What you are referring to is a Rule 68 (FED. R. Civ. P. 68) offer of judgment (OOJ). Thus far, nearly every jurisdiction's court of appeals has refused to construe these as being binding on the Plaintiff if the offer is denied, even if it offers complete remuneration, especially in a putative class action. The underlying reasons when applied to a certified class differ fairly substantially from an individual plaintiff or a non-certified class. However, there are some kinds of cases where a Rule 68 offer could never fully compensate (as with cases where subjective or non-substantive forms of damage have been requested).
A Rule 68 offer is a cost-flipping mechanism, often used by defense attorneys when they are making what they believe is a fair offer (very rarely is the offer one that is equal to the Plaintiff's demand, which is why this issue rarely arises). If a defense attorney makes an offer of judgment, and then the Plaintiff doesn't accept the offer, they need to get a jury verdict in an amount greater than the offer, or the costs are flipped. So, typically, if there is no OOJ and the Plaintiff wins even a nominal judgment (it can be a dollar) the Defendant always has to pay their costs, which can be substantial. When a Rule 68 offer is made, it's a carefully calculated amount that the defendant thinks the plaintiff can't get in a jury verdict, even if they win, but it's typically less than the demand.
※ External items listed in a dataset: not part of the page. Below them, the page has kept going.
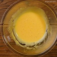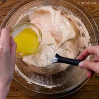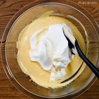 卵黄を混ぜたボウルにメレンゲの1/3量を加え、混ぜます。
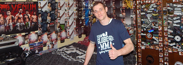 Après le portrait d’Yvon, c’est au tour de Martial de partager avec nous sa passion pour le MMA. Il fait parti de ses « hardcore » fans mordus par le MMA et qui collectionnent tout se qui touche de près ou de loin à l’univers MMA : figurines, posters, affiches… Il fait partie de l’association Globe-MMA et vit en région parisienne.
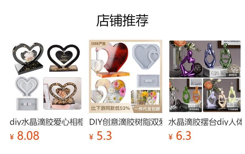 Pegamento de gota diy resina epoxi marco de fotos grande de amor corte de cara marco de fotos molde de silicona joyería punto venta al por mayor
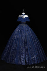 Blue Tulle Sequins Long Ball Gown, Elegant A-Line Formal Gown
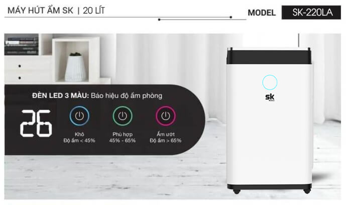 Máy hút ẩm SK Sumikura 20 lít SK-220LA là sản phẩm cực kỳ hữu dụng cho mùa mưa nồm ẩm ướt. Không chỉ hút ẩm hiệu quả, SK-220LA còn giúp lọc không khí giúp loại bỏ bụi bẩn, vi khuẩn, ẩm mốc góp phần đặc lực đảm bảo sức khỏe của cả gia đình.
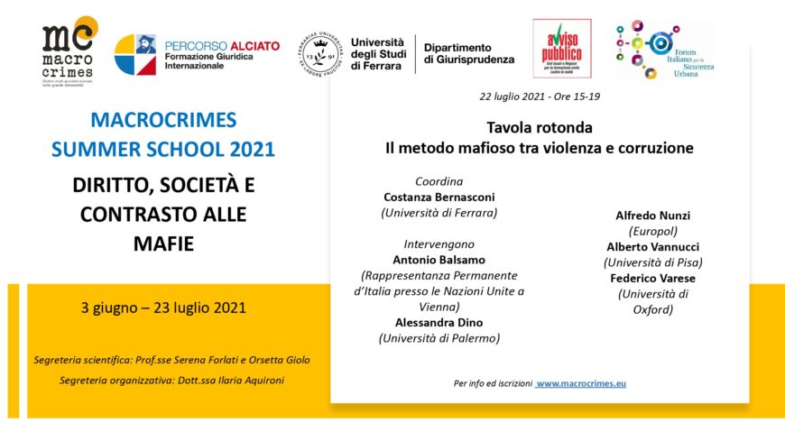 L’incontro, dal titolo “Il metodo mafioso tra violenza e corruzione”, sarà coordinato da Costanza Bernasconi dell’Università di Ferrara e vedrà come relatori:
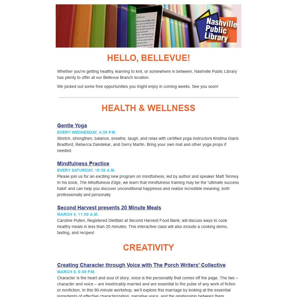 | HELLO, BELLEVUE! Whether you're getting healthy, learning to knit, or somewhere in between, Nashville Public Library has plenty to offer at our Bellevue Branch location. We picked out some free opportunities you might enjoy in coming weeks. See you soon!
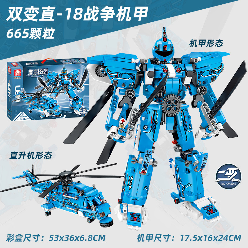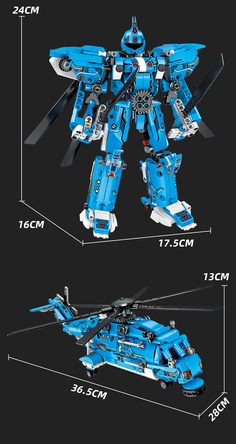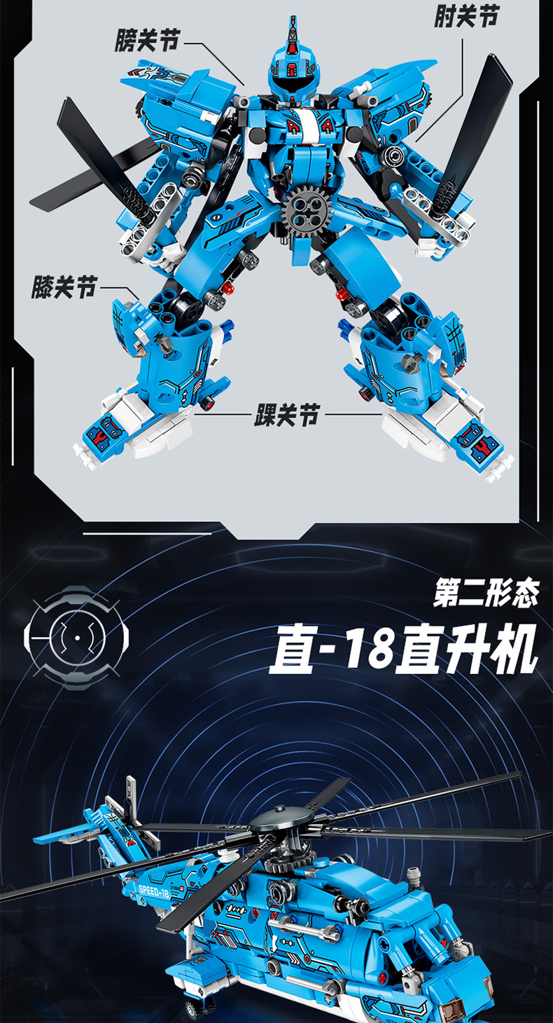Le Yi Building Blocks Military Series 헬리콥터 변형 로봇 경찰 믹스 어린이 장난감 소년 국경 상품

The reason a Rule 68 offer is almost never "full compensation" is that a Plaintiff's demand for settlement will typically be somewhere in the area of 3x the amount the Plaintiff's attorney estimates the case to be worth. The Plaintiff is informed of this by their lawyer, so they don't have unreasonable expectations. If you think about it, this makes sense from an ability to negotiate perspective, with the logic being that the Plaintiff wants to get as close to full value as they can, and the defense needs their client to think they've saved them from some huge judgement. If a plaintiff demanded only what the case was worth, it would have no chance of settling for true value, or if the case were to settle, the Defense lawyer wouldn't be able to move the Plaintiff down off their number in any substantial way. This way, the lawyers can play their game negotiating the case down to a fair value. Plaintiff gets what their case is worth and Defendant feels like their lawyer saved them from catastrophe. It's all illusion.
The First Circuit recently joined the Second, Fifth, Seventh, Ninth, and Eleventh Circuits in holding that a Rule 68 offer made prior to class certification and rejected by Plaintiff does not moot the Plaintiff’s claim. The Plaintiff, a private high school, brought the action against the corporate developer of a college-entrance exam, alleging violations of the Telephone Consumer Protection Act and an analogous state statute related to unsolicited faxes it received. Prior to Plaintiff’s deadline to move for class certification, the Defendant made an Offer Of Judgment, offering Plaintiff the amount it could receive under the two statutes for each fax. Plaintiff did not respond within 14 days, rendering the offer withdrawn under Rule 68, and instead moved for class certification. Defendant then moved to dismiss, arguing that the withdrawn offer rendered Plaintiff’s claims moot and divested the court of subject matter jurisdiction. The district court denied the motion, holding that Plaintiff’s claim was not moot, but certified the question of whether an unaccepted Rule 68 offer, made before certification, moots the entire action and deprives the court of jurisdiction.
Generally speaking, aside from very specific types of cases involving contracts, or specific types of statutory relief, a Plaintiff typically includes counts for things like NIED (negligent infliction of emotional distress), pain and suffering, loss of consortium, loss of future earning capacity – these are a few of the types of counts whereby there is no specific value a defendant could ever point to being "fully satisfied" – the reason being, a jury needs to determine the legitimate value of these claims unless the Plaintiff accepts a settlement award whereby he/she/it feels as if it's fully satisfied.